**Problem to work on**:
Every line of the listing below must be printed again exactly, apart from its pictures.

**Data provided**:
BEGIN

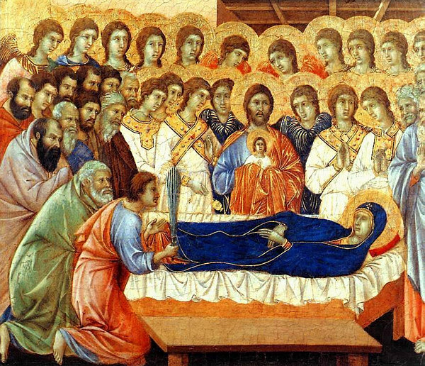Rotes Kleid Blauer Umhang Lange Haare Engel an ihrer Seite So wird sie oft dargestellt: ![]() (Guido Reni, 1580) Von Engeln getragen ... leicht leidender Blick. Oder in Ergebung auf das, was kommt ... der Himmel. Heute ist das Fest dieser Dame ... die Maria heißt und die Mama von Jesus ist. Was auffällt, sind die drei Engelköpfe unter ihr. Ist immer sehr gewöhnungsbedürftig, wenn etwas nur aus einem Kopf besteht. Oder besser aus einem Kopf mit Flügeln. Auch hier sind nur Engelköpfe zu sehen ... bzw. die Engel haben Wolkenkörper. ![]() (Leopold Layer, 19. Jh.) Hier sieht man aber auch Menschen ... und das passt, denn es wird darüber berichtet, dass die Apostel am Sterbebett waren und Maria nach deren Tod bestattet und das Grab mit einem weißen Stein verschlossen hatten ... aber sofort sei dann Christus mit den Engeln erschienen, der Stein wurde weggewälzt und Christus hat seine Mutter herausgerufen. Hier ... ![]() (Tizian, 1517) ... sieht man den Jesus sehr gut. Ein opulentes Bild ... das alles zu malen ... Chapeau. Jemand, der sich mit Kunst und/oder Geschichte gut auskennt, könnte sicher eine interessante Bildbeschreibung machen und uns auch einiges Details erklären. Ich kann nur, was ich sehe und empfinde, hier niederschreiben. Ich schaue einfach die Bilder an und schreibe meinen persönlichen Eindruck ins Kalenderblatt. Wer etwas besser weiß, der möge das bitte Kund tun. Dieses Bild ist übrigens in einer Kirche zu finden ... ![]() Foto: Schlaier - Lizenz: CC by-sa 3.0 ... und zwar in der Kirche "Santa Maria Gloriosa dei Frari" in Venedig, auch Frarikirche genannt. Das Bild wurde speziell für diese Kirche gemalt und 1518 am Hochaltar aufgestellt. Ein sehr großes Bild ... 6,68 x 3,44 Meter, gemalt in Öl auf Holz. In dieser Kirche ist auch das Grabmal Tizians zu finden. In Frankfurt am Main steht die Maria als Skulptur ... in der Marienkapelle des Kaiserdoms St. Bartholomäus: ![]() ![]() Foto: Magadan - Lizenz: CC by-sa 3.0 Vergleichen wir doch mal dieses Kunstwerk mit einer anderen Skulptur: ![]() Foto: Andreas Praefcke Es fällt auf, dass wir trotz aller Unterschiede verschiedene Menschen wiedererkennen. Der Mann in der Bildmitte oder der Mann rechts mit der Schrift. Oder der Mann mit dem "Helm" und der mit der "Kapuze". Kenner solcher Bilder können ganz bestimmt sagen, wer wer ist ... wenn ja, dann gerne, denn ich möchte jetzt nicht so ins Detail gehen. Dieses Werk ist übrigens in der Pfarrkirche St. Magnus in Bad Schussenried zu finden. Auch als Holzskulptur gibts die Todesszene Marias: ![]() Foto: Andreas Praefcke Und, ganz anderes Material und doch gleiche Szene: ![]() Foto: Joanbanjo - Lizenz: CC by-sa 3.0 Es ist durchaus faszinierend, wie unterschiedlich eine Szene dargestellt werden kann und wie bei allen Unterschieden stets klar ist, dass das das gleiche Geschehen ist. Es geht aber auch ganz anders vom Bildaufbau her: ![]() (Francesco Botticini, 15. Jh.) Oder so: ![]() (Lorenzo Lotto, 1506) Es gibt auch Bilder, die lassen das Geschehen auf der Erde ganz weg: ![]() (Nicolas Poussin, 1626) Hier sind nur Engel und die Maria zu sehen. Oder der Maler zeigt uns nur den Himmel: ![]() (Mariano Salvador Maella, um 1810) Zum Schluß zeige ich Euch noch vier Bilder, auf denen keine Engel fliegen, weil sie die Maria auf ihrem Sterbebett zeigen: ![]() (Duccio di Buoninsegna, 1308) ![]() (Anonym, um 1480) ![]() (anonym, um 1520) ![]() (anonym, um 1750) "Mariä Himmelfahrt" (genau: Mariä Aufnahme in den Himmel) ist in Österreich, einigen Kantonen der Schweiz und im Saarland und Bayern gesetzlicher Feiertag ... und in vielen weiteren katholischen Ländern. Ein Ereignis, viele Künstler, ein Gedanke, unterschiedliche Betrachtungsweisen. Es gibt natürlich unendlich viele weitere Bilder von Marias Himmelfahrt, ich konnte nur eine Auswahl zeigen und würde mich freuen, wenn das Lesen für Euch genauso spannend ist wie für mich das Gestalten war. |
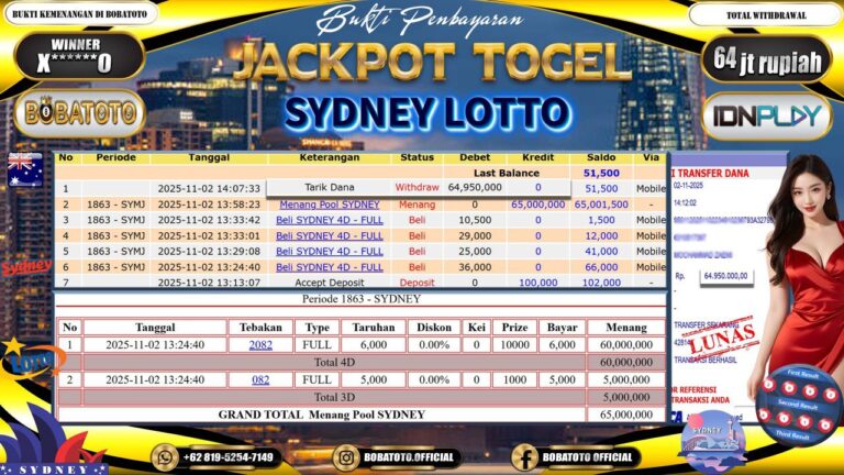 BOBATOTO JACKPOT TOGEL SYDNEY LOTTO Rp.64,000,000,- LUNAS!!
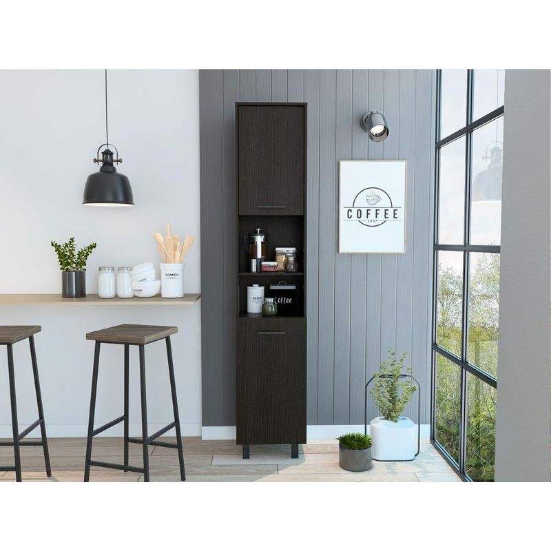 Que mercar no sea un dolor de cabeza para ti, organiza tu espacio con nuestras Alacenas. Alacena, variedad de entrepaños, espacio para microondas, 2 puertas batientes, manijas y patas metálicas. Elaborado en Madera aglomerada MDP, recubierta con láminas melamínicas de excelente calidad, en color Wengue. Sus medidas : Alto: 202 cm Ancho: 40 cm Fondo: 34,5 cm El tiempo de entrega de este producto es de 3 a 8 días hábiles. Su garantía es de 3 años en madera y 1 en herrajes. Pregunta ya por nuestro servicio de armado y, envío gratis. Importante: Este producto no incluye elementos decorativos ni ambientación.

END

**Reply to the exercise**:
Rotes Kleid Blauer Umhang Lange Haare Engel an ihrer Seite So wird sie oft dargestellt: ![]() (Guido Reni, 1580) Von Engeln getragen ... leicht leidender Blick. Oder in Ergebung auf das, was kommt ... der Himmel. Heute ist das Fest dieser Dame ... die Maria heißt und die Mama von Jesus ist. Was auffällt, sind die drei Engelköpfe unter ihr. Ist immer sehr gewöhnungsbedürftig, wenn etwas nur aus einem Kopf besteht. Oder besser aus einem Kopf mit Flügeln. Auch hier sind nur Engelköpfe zu sehen ... bzw. die Engel haben Wolkenkörper. ![]() (Leopold Layer, 19. Jh.) Hier sieht man aber auch Menschen ... und das passt, denn es wird darüber berichtet, dass die Apostel am Sterbebett waren und Maria nach deren Tod bestattet und das Grab mit einem weißen Stein verschlossen hatten ... aber sofort sei dann Christus mit den Engeln erschienen, der Stein wurde weggewälzt und Christus hat seine Mutter herausgerufen. Hier ... ![]() (Tizian, 1517) ... sieht man den Jesus sehr gut. Ein opulentes Bild ... das alles zu malen ... Chapeau. Jemand, der sich mit Kunst und/oder Geschichte gut auskennt, könnte sicher eine interessante Bildbeschreibung machen und uns auch einiges Details erklären. Ich kann nur, was ich sehe und empfinde, hier niederschreiben. Ich schaue einfach die Bilder an und schreibe meinen persönlichen Eindruck ins Kalenderblatt. Wer etwas besser weiß, der möge das bitte Kund tun. Dieses Bild ist übrigens in einer Kirche zu finden ... ![]() Foto: Schlaier - Lizenz: CC by-sa 3.0 ... und zwar in der Kirche "Santa Maria Gloriosa dei Frari" in Venedig, auch Frarikirche genannt. Das Bild wurde speziell für diese Kirche gemalt und 1518 am Hochaltar aufgestellt. Ein sehr großes Bild ... 6,68 x 3,44 Meter, gemalt in Öl auf Holz. In dieser Kirche ist auch das Grabmal Tizians zu finden. In Frankfurt am Main steht die Maria als Skulptur ... in der Marienkapelle des Kaiserdoms St. Bartholomäus: ![]() ![]() Foto: Magadan - Lizenz: CC by-sa 3.0 Vergleichen wir doch mal dieses Kunstwerk mit einer anderen Skulptur: ![]() Foto: Andreas Praefcke Es fällt auf, dass wir trotz aller Unterschiede verschiedene Menschen wiedererkennen. Der Mann in der Bildmitte oder der Mann rechts mit der Schrift. Oder der Mann mit dem "Helm" und der mit der "Kapuze". Kenner solcher Bilder können ganz bestimmt sagen, wer wer ist ... wenn ja, dann gerne, denn ich möchte jetzt nicht so ins Detail gehen. Dieses Werk ist übrigens in der Pfarrkirche St. Magnus in Bad Schussenried zu finden. Auch als Holzskulptur gibts die Todesszene Marias: ![]() Foto: Andreas Praefcke Und, ganz anderes Material und doch gleiche Szene: ![]() Foto: Joanbanjo - Lizenz: CC by-sa 3.0 Es ist durchaus faszinierend, wie unterschiedlich eine Szene dargestellt werden kann und wie bei allen Unterschieden stets klar ist, dass das das gleiche Geschehen ist. Es geht aber auch ganz anders vom Bildaufbau her: ![]() (Francesco Botticini, 15. Jh.) Oder so: ![]() (Lorenzo Lotto, 1506) Es gibt auch Bilder, die lassen das Geschehen auf der Erde ganz weg: ![]() (Nicolas Poussin, 1626) Hier sind nur Engel und die Maria zu sehen. Oder der Maler zeigt uns nur den Himmel: ![]() (Mariano Salvador Maella, um 1810) Zum Schluß zeige ich Euch noch vier Bilder, auf denen keine Engel fliegen, weil sie die Maria auf ihrem Sterbebett zeigen: ![]() (Duccio di Buoninsegna, 1308) ![]() (Anonym, um 1480) ![]() (anonym, um 1520) ![]() (anonym, um 1750) "Mariä Himmelfahrt" (genau: Mariä Aufnahme in den Himmel) ist in Österreich, einigen Kantonen der Schweiz und im Saarland und Bayern gesetzlicher Feiertag ... und in vielen weiteren katholischen Ländern. Ein Ereignis, viele Künstler, ein Gedanke, unterschiedliche Betrachtungsweisen. Es gibt natürlich unendlich viele weitere Bilder von Marias Himmelfahrt, ich konnte nur eine Auswahl zeigen und würde mich freuen, wenn das Lesen für Euch genauso spannend ist wie für mich das Gestalten war. |
 BOBATOTO JACKPOT TOGEL SYDNEY LOTTO Rp.64,000,000,- LUNAS!!
 Que mercar no sea un dolor de cabeza para ti, organiza tu espacio con nuestras Alacenas. Alacena, variedad de entrepaños, espacio para microondas, 2 puertas batientes, manijas y patas metálicas. Elaborado en Madera aglomerada MDP, recubierta con láminas melamínicas de excelente calidad, en color Wengue. Sus medidas : Alto: 202 cm Ancho: 40 cm Fondo: 34,5 cm El tiempo de entrega de este producto es de 3 a 8 días hábiles. Su garantía es de 3 años en madera y 1 en herrajes. Pregunta ya por nuestro servicio de armado y, envío gratis. Importante: Este producto no incluye elementos decorativos ni ambientación.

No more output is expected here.